Francia sigue siendo el proveedor de contingencia del MdCN según el marco de escenarios ya establecido, y un actor relevante en el futuro ELSA. Pero el centro de gravedad de la cooperación de plataforma se desplaza a Kiel.

 

4. Qué puede absorber Navantia: los cinco dominios

Distinguiría cinco dominios donde TKMS mantiene ventaja objetiva y verificable sobre el estado del arte de Cartagena, ordenados por valor estratégico para el S-90.

4.1. Reducción de eco activo: la transferencia doctrinal decisiva

El Type 212CD es el primer submarino convencional occidental diseñado explícitamente contra el sonar activo de baja frecuencia. Su casco exterior facetado en forma de diamante —que le da esa silueta inconfundible, más ancha y angulosa— está concebido para dispersar la energía acústica incidente lejos del emisor, reduciendo drásticamente el target echo strength, del mismo modo que las formas facetadas del F-117 dispersaban la energía radar.
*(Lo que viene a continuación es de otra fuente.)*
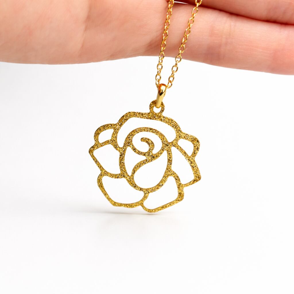 スターダスト加工が美しくきらめく、バラモチーフのネックレス。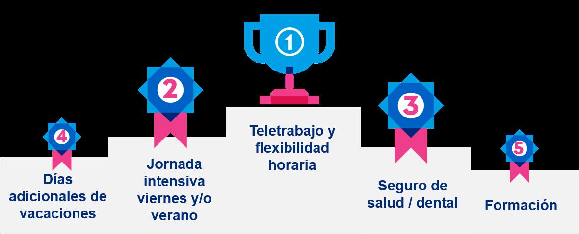 La conciliación ha cobrado en los últimos años, como consecuencia de la pandemia, un enorme peso en la demanda de los trabajadores. Así, el 57% de los empleados señalan que cambiarían de compañía si mejoraran sus actuales condiciones de teletrabajo y flexibilidad horaria. Según los encuestados el teletrabajo y la flexibilidad, la jornada intensiva y el seguro de salud son los beneficios que diferencian una organización sobre otra. Asimismo, las empresas han realizado enormes avances en este sentido a lo largo de estos últimos cinco años. Un beneficio que apenas el 40% de las empresas ofertaba en 2018 y que ahora 6 de cada 10 organizaciones lo incluye en sus paquetes de beneficios.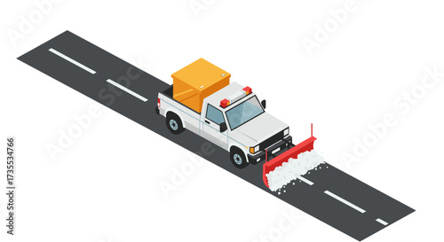 Red tractor with snow plow on road in isometric style for winter maintenance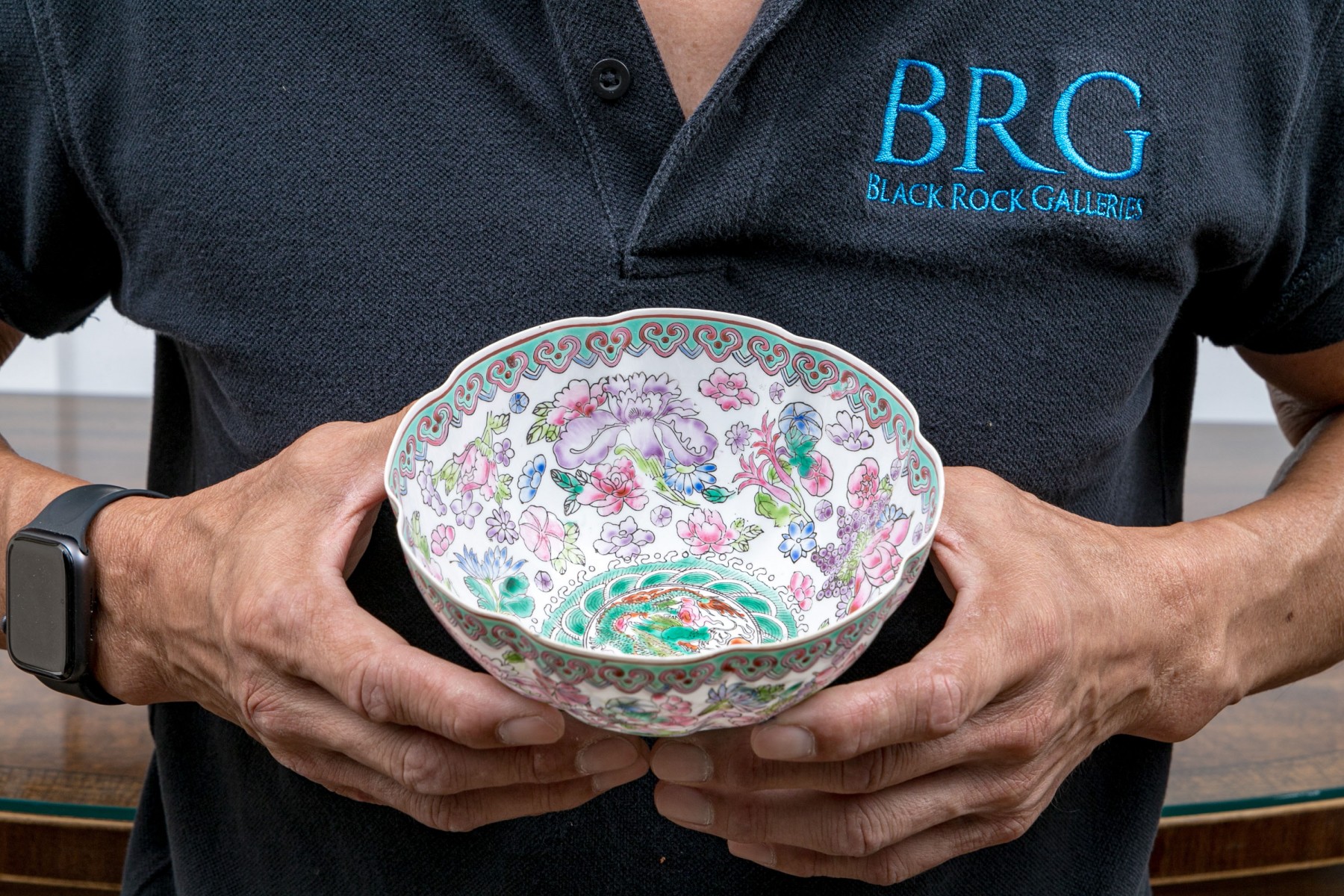 Fine Chinese Famille Rose Egg Shell Porcelain Scalloped Bowl #263561. Black Rock Galleries provides high end estate liquidation services through online estate auctions and a 50,000 sq ft designer showroom. estate liquidator, estate sale, online auction, antiques, fine art, liquidation, clean outs, auction, consignment, interior design, fine jewelry, collectibles, appraisals, estate appraisals, estate services, decor, furniture, furniture consignment, antique center, consignment shop. We offer appraisal services and specialize in fine art, jewelry, antiques and decorative arts. Sell with us. Black Rock Galleries is the tri-state's largest estate liquidator serving New England and the greater New York City area. We are the trusted source for expert appraisals, auction services, estate sales, and consignments. Black Rock Galleries is the east coast's largest and most trusted estate liquidator, with locations in Connecticut, greater Boston, MA and Raleigh, NC, Fairfield, Southport, Apex, TX. We are the best source for expert appraisals, auction services, estate sales and consignments. We have served thousands of families and estates with compassion, professionalism and expertise. BRG works with attorneys, executors, realtors and families to bring the greatest return on personal and estate property in the current market. Our unique combination of services make us the easy choice to get the job done in a timely and stress-free manner. We are with you from the initial consultation to the final clean out. Our house-built online auction software platform offers clients a dynamic approach to liquidating their personal property. This venue is most successful in bringing the best return with the least amount of disruption for our clients. See our services page for a complete description of this offering. Fine Chinese Famille Rose Egg Shell Porcelain Scalloped Bowl #263561

Esto importa porque la guerra antisubmarina está pivotando. Durante décadas, el sigilo submarino se ha medido contra la detección pasiva: ruido radiado, firmas de maquinaria. El S-80, y el S-90 tal como estaba concebido, está optimizado para ese paradigma. Pero la proliferación de sonares activos multiestáticos de baja frecuencia (rusos, chinos, y crecientemente en drones y sonoboyas occidentales de bajo coste) desplaza el problema, ya que un submarino perfectamente silencioso sigue devolviendo eco. La respuesta de diseño es geométrica y de materiales, y TKMS es hoy el único astillero occidental que la ha llevado a producción en un submarino convencional.

4.2. Gestión de firmas magnéticas y metalurgia amagnética

El 212CD emplea acero amagnético Amanox, heredero de la tradición alemana de submarinos báltico-céntricos donde la amenaza de minas de influencia y sensores magnéticos fondeados es dominante. No se propone la adopción íntegra del casco amagnético, pues penaliza cota máxima operativa y encarece significativamente el coste, pero sí la absorción selectiva de tres capacidades: la metalurgia y soldadura de aceros austeníticos para estructuras exteriores y mástiles, los sistemas avanzados de compensación y desmagnetización activa y la gestión integral de firmas UEP/ELFE (potencial eléctrico subacuático y campos electromagnéticos de muy baja frecuencia), disciplina en la que el ecosistema alemán acumula décadas de mediciones en polígonos bálticos.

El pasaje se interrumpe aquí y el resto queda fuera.